On the dynamics of contact Hamiltonian systems II: Variational construction of asymptotic orbits

TL;DR

This paper investigates the behavior of action minimizing orbits in contact Hamiltonian systems without the monotonicity assumption, establishing the existence of asymptotic and heteroclinic orbits connecting invariant sets associated with solutions to the Hamilton-Jacobi equation.

Contribution

It extends the analysis of contact Hamiltonian systems by constructing semi-infinite and heteroclinic orbits without the monotonicity condition, using an extended characteristic method.

Findings

Existence of semi-infinite orbits asymptotic to invariant sets.

Construction of heteroclinic orbits between invariant sets.

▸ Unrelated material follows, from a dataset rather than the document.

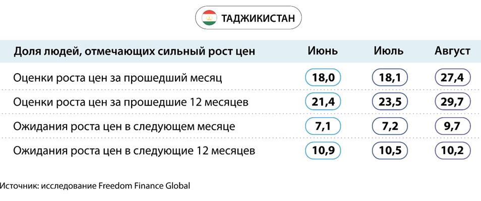 Инфляционные ожидания в Таджикистане показали не такой большой рост: 9,7% жителей страны ждут очень сильного роста цен в ближайший месяц, тогда как в июле таких было 7,2%. А в ожиданиях от следующих 12 месяцев доля пессимистов упала с 10,5 до 10,2%.
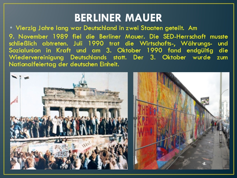 9. November 1989 fiel die Berliner Mauer. Die SED-Herrschaft musste schließlich abtreten. Juli 1990 trat die Wirtschafts-, Währungs- und Sozialunion in Kraft und am 3. Oktober 1990 fand endgültig die Wiedervereinigung Deutschlands statt. Der 3. Oktober wurde zum Nationalfeiertag der deutschen Einheit.

Extension of characteristic method for contact Hamiltonian systems.

Abstract

This paper is a continuation of our study of the dynamics of contact Hamiltonian systems in \cite{JY}, but without monotonicity assumption. Due to the complexity of general cases, we focus on the behavior of action minimizing orbits. We pick out certain action minimizing invariant sets $\{\widetilde{\mathcal{N}}_u\}$ in the phase space naturally stratified by solutions $u$ to the corresponding Hamilton-Jacobi equation. Using an extension of characteristic method, we establish the existence of semi-infinite orbits that is asymptotic to some $\widetilde{\mathcal{N}}_u$ and heteroclinic orbits between $\widetilde{\mathcal{N}}_u$ and $\widetilde{\mathcal{N}}_v$ for two different solutions $u$ and $v$.